_Provided material_.
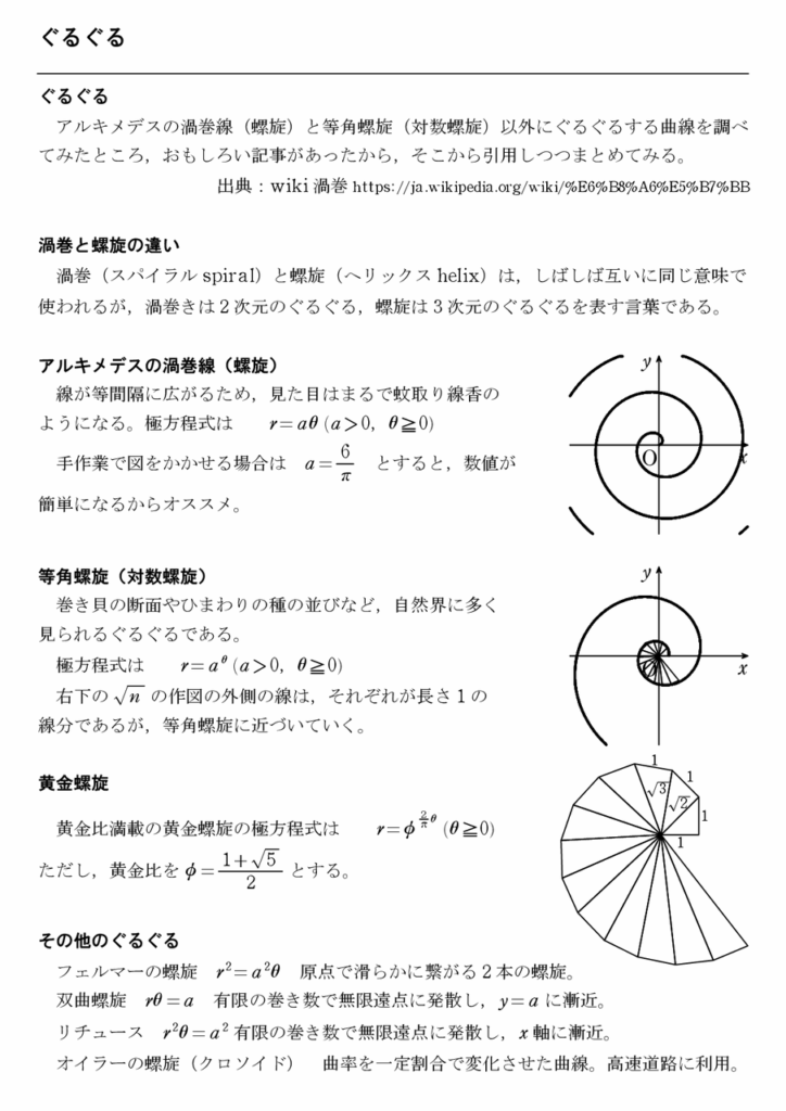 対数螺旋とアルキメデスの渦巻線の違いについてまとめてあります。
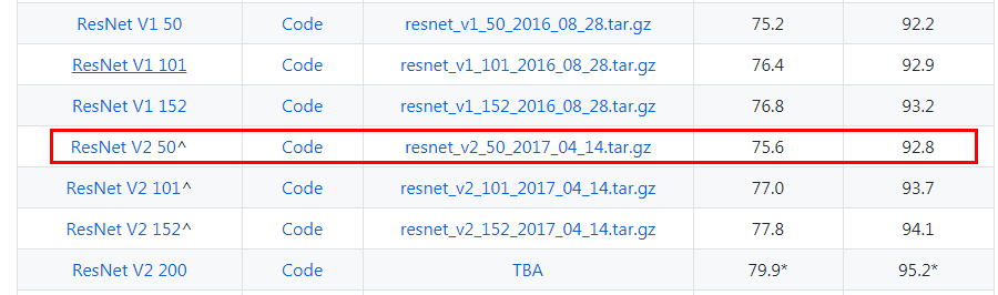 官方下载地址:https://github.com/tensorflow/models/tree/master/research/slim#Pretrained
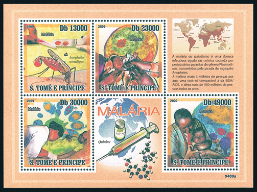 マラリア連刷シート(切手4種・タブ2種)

_What is needed_. With the pictures left out, output exactly the lines that begin at the line containing "官方下载地址:https:/" and end at the last line of the material.

_Reply_.
 官方下载地址:https://github.com/tensorflow/models/tree/master/research/slim#Pretrained
 マラリア連刷シート(切手4種・タブ2種)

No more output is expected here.